Q: How can indigenous knowledge and scientific knowledge work together?
Janelle Knox-Hayes: Within Traditional Ecological Knowledge there’s a sense of the relationality of human and natural systems and a realization that a lot of that knowledge isn’t individual, it’s community, it’s social, and as a consequence it has a greater temporal depth to it.
The way the Tribes we work with conceptualize their experience with the natural environment is generational, it’s understanding what their grandparents lived with and a sense of what the natural environment is going to look like for their children. So I think there’s a lot of deep knowledge in those communities about how to understand flux and change but also how to prioritize different aspects of the environment that are critical to the survival and wellbeing of the community.
We see it in the Tribes that we work with, but it’s also deeply rooted in other localized communities that have been rooted in a specific place for generations. They understand through their observations how species are moving, how water is changing the coastal landscape. There’s a deep sense in those communities of the natural environment that can be woven together with more conventional means of assessing, like mapping, and understanding how sea-level rise is creating vulnerabilities for specific communities.

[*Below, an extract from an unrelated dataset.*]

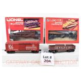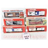 335 Modern Lionel O Gauge: 9780 Johnny Cash Boxcar, 9853 Cracker Jack Reefer, 9307 Cop And Hobo Operating Gondola, 7517 Phila Mint Car, 9779 TCA 1976 Bicentennial Convention Boxcar, 9864 TCA 1974 Seattle Convention Reefer OB

We have examples of projects where that has been done very effectively. We have a colleague with the Louisiana Sea Grant, Matt Bethel, who did some tremendous work with tribes in Louisiana as sea-level rise and land subsidence has been overtaking lowlands like Isle de Jean Charles. He has helped the Tribes communicate their traditional knowledge of the landscape into a format that could be mapped with policymakers, so that everyone could look at both forms of data together: the Traditional Ecological Knowledge about what was happening with the landscape and then a mapped GIS version of it that could be communicated and used in meetings and decision making.
Q: Tell us about a project you’re currently working on.
Sarah Williams: Right now, I’m working with research associates Daniela Coray and Niko McGlashan, along with other researchers at the LCAU, with an organization in New York City called Transportation Alternatives. We’re creating what we call a spatial equity index, which is a tool that looks at different kinds of equity issues within NYC.
The tool was developed for policymakers to see how well their community is doing vis-à-vis other communities in the city. They often ask for data but don’t know how to use it, so here we’re opening data up for them to make better decisions for their communities. Then, how can they then turn that data into some kind of action? What are some of the things they can do to change, say, the fact that their community has a higher heat index and the kinds of issues that are involved in that?
We released the tool on October 18 at City Hall in New York. It’s meant for city councilmen to say, Hey! This is where we’re not performing as well and here are the things we can do to help.